Task to carry out: With the pictures omitted, repeat exactly the lines below starting with the line that has "2. Turning the" and going on through the line that has "Cadena con baño".

Records for processing:

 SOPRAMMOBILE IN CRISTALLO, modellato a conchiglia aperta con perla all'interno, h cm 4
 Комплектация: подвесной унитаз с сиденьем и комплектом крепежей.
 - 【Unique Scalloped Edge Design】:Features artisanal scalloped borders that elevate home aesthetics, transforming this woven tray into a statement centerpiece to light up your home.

* * *

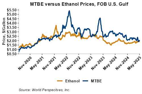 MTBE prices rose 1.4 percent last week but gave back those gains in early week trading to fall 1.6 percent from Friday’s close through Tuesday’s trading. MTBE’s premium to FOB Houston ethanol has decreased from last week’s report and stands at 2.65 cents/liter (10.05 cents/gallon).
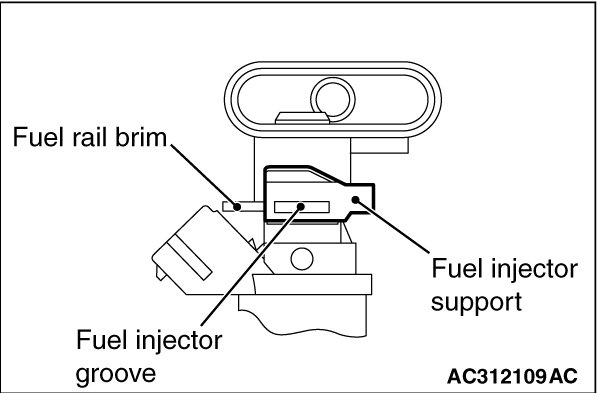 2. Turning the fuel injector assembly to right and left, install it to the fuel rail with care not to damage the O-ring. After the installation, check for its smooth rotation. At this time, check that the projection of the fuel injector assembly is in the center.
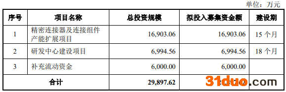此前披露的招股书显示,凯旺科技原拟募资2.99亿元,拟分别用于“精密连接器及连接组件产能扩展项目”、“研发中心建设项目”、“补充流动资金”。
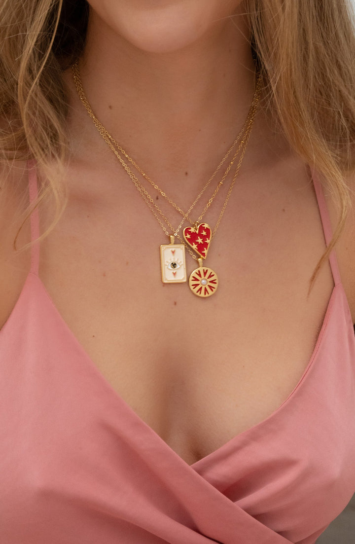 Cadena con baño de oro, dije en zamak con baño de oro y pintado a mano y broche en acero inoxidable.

Response to the exercise:
 2. Turning the fuel injector assembly to right and left, install it to the fuel rail with care not to damage the O-ring. After the installation, check for its smooth rotation. At this time, check that the projection of the fuel injector assembly is in the center.
此前披露的招股书显示,凯旺科技原拟募资2.99亿元,拟分别用于“精密连接器及连接组件产能扩展项目”、“研发中心建设项目”、“补充流动资金”。
 Cadena con baño de oro, dije en zamak con baño de oro y pintado a mano y broche en acero inoxidable.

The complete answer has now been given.